== Segment start ==

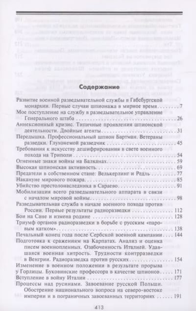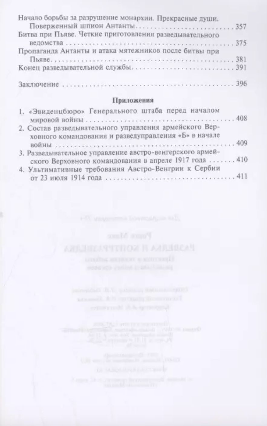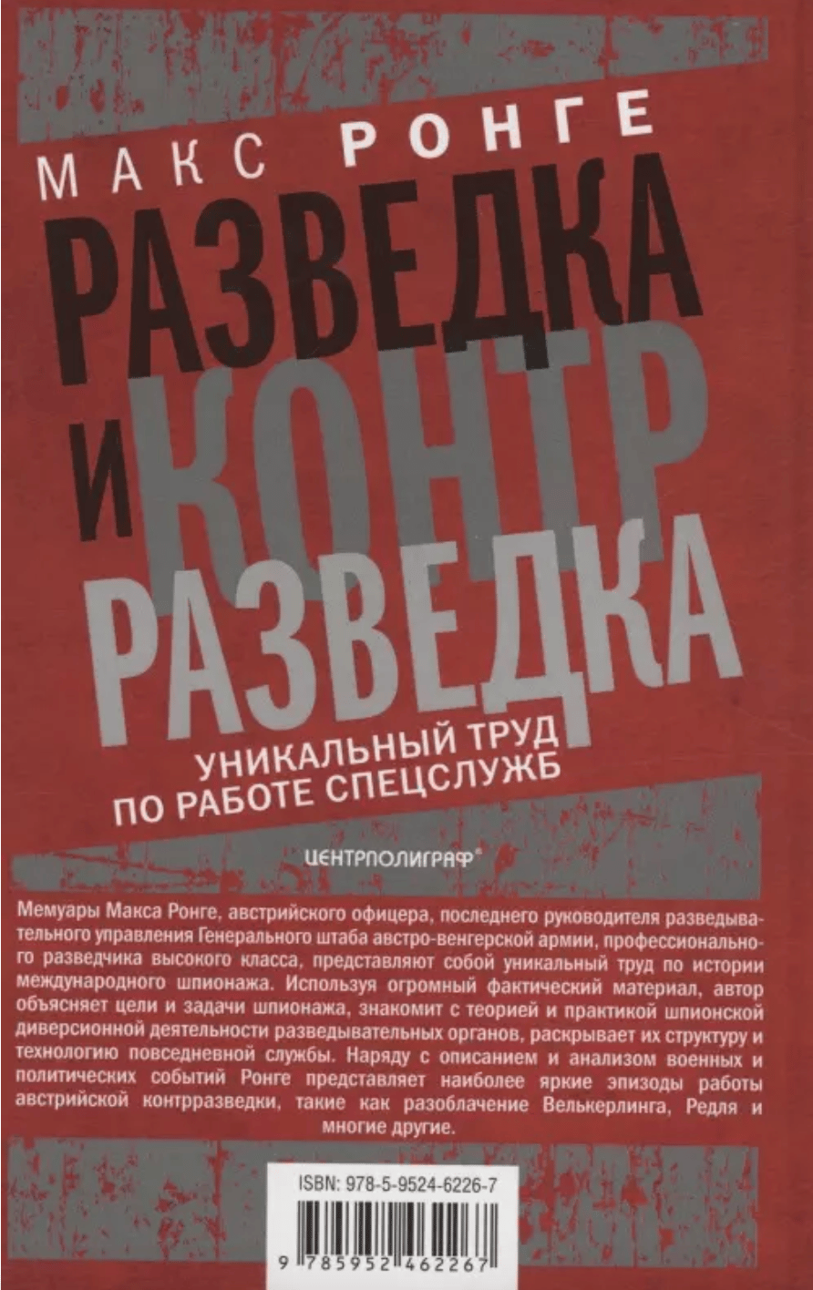 Мемуары Макса Ронге, австрийского офицера, последнего руководителя разведывательного управления Генерального штаба австро-венгерской армии, профессионального разведчика высокого класса, представляют собой уникальный труд по истории международного шпионажа. Используя огромный фактический материал, автор объясняет цели и задачи шпионажа, знакомит с теорией и практикой шпионской диверсионной деятельности разведывательных органов, раскрывает их структуру и технологию повседневной службы. Наряду с описанием и анализом военных и политических событий Ронге представляет наиболее яркие эпизоды работы австрийской контрразведки, такие как разоблачение Велькерлинга, Редля и многие другие.Карты, схемы и фотоматериалы дополняют и поясняют повествование.
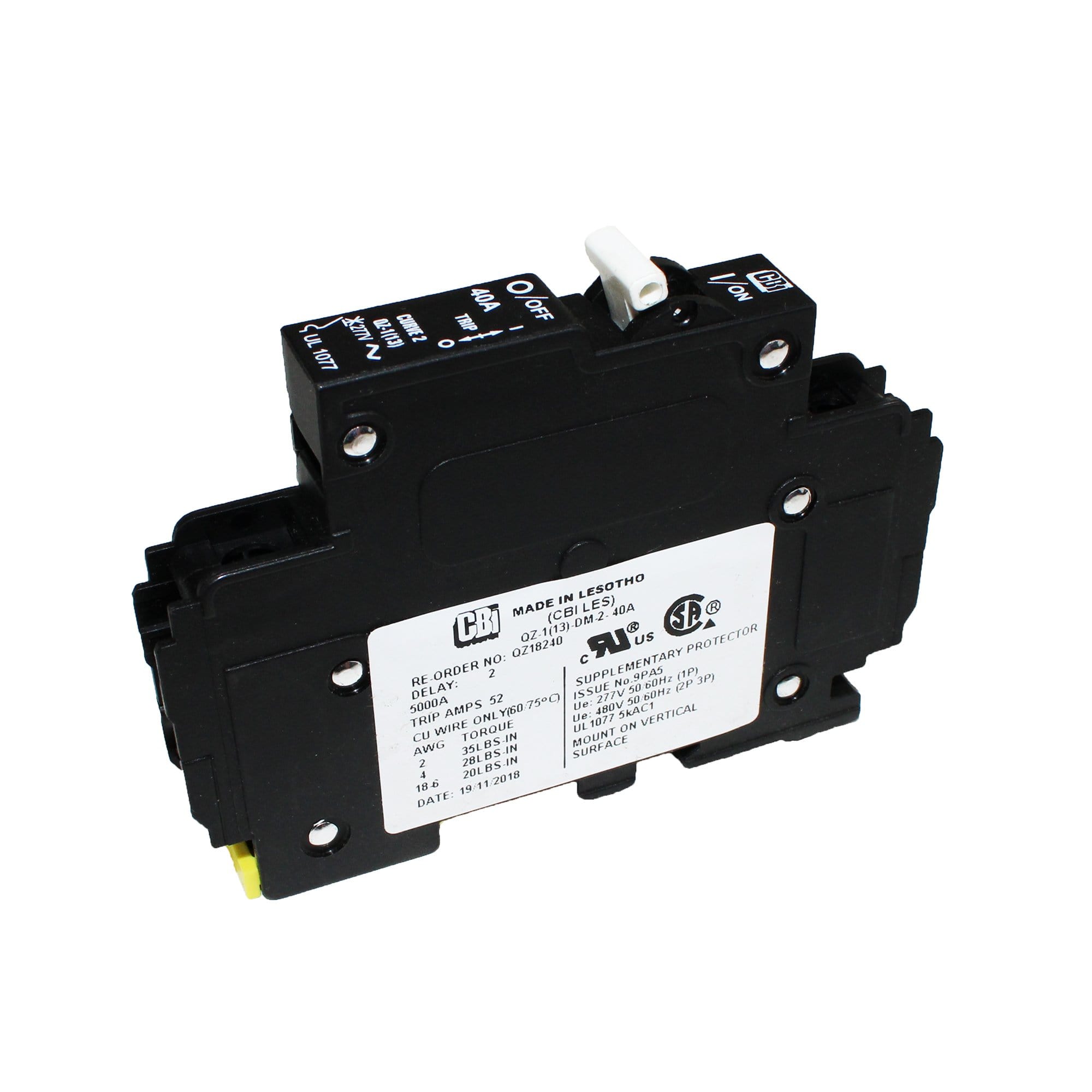 <p>MidNite Solar MNEAC40 Circuit Breaker 40A 120V.</b> <p> MidNite's breakers are rated to break the full rated load at the rated voltage repeatedly, with NO DAMAGE. Always use a properly sized breaker for disconnecting. All MidNite circuit breakers can be used at 100% rated current when mounted in a MidNite enclosure. 30, 40, 50, 60 amp 120VAC Supplementary protection 1077 din rail mount. <p> Note: 489A is the branch circuit rating, 1077 is for supplementary protection. <p> <b>Features</b> <p> <ul> <li>Environmental Rating - Type 1 (Indoor)</li> <li>Listed for US & Canada</li> <li>Breaker Torque Value: 20 In-Lbs (2.3NM)</li> <li>3,000 AIC</li> </ul
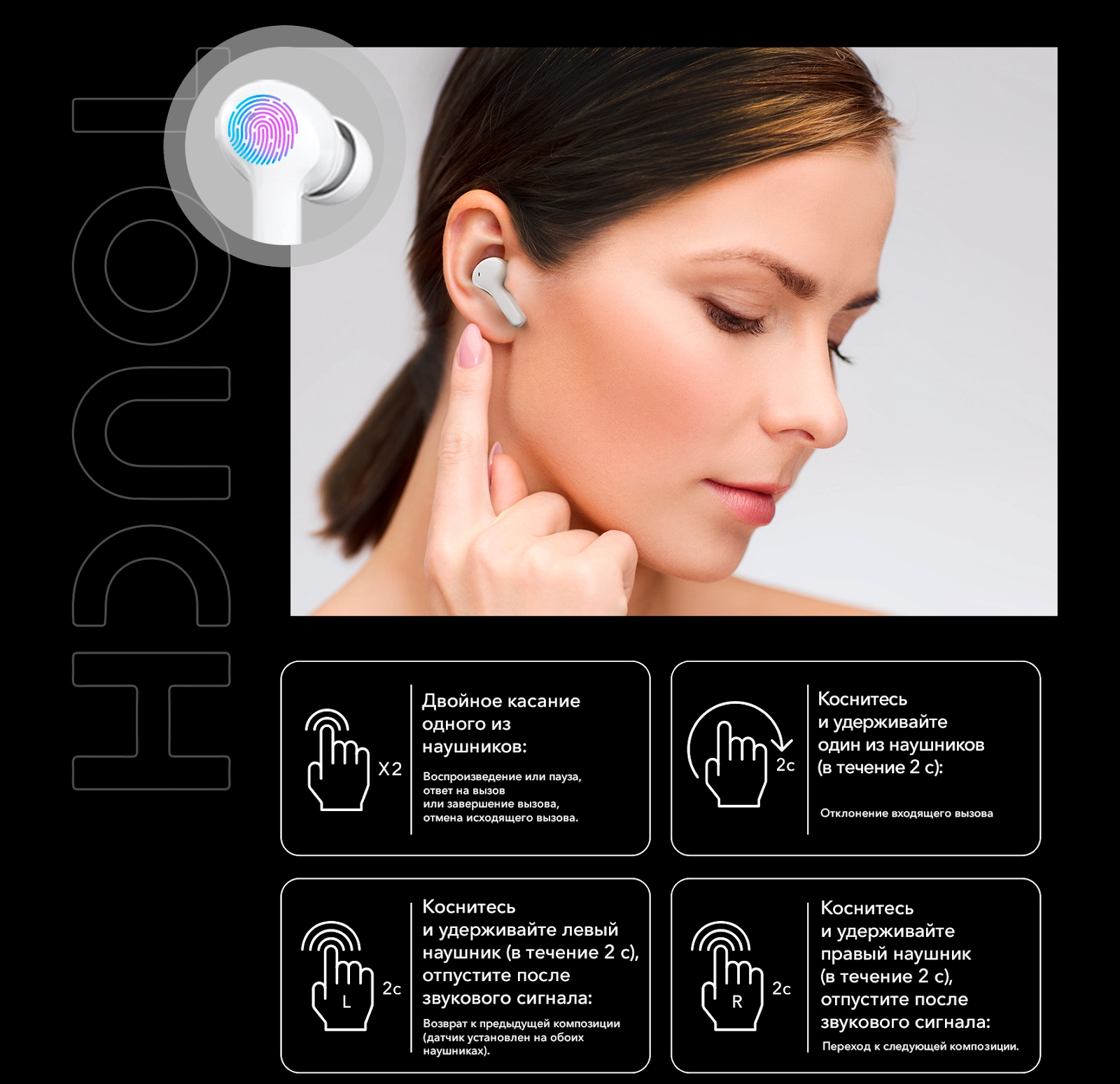 Оба наушника Honor Choice True Wireless Stereo Earbuds оснащены сенсорами, что позволяет осуществлять управление воспроизведением аудио при помощи простых касаний.

== Segment end ==

**EXERCISE DESCRIPTION**: All of the lines above should be copied exactly, apart from the pictures.

**EXERCISE ANSWER**:
 Мемуары Макса Ронге, австрийского офицера, последнего руководителя разведывательного управления Генерального штаба австро-венгерской армии, профессионального разведчика высокого класса, представляют собой уникальный труд по истории международного шпионажа. Используя огромный фактический материал, автор объясняет цели и задачи шпионажа, знакомит с теорией и практикой шпионской диверсионной деятельности разведывательных органов, раскрывает их структуру и технологию повседневной службы. Наряду с описанием и анализом военных и политических событий Ронге представляет наиболее яркие эпизоды работы австрийской контрразведки, такие как разоблачение Велькерлинга, Редля и многие другие.Карты, схемы и фотоматериалы дополняют и поясняют повествование.
 <p>MidNite Solar MNEAC40 Circuit Breaker 40A 120V.</b> <p> MidNite's breakers are rated to break the full rated load at the rated voltage repeatedly, with NO DAMAGE. Always use a properly sized breaker for disconnecting. All MidNite circuit breakers can be used at 100% rated current when mounted in a MidNite enclosure. 30, 40, 50, 60 amp 120VAC Supplementary protection 1077 din rail mount. <p> Note: 489A is the branch circuit rating, 1077 is for supplementary protection. <p> <b>Features</b> <p> <ul> <li>Environmental Rating - Type 1 (Indoor)</li> <li>Listed for US & Canada</li> <li>Breaker Torque Value: 20 In-Lbs (2.3NM)</li> <li>3,000 AIC</li> </ul
 Оба наушника Honor Choice True Wireless Stereo Earbuds оснащены сенсорами, что позволяет осуществлять управление воспроизведением аудио при помощи простых касаний.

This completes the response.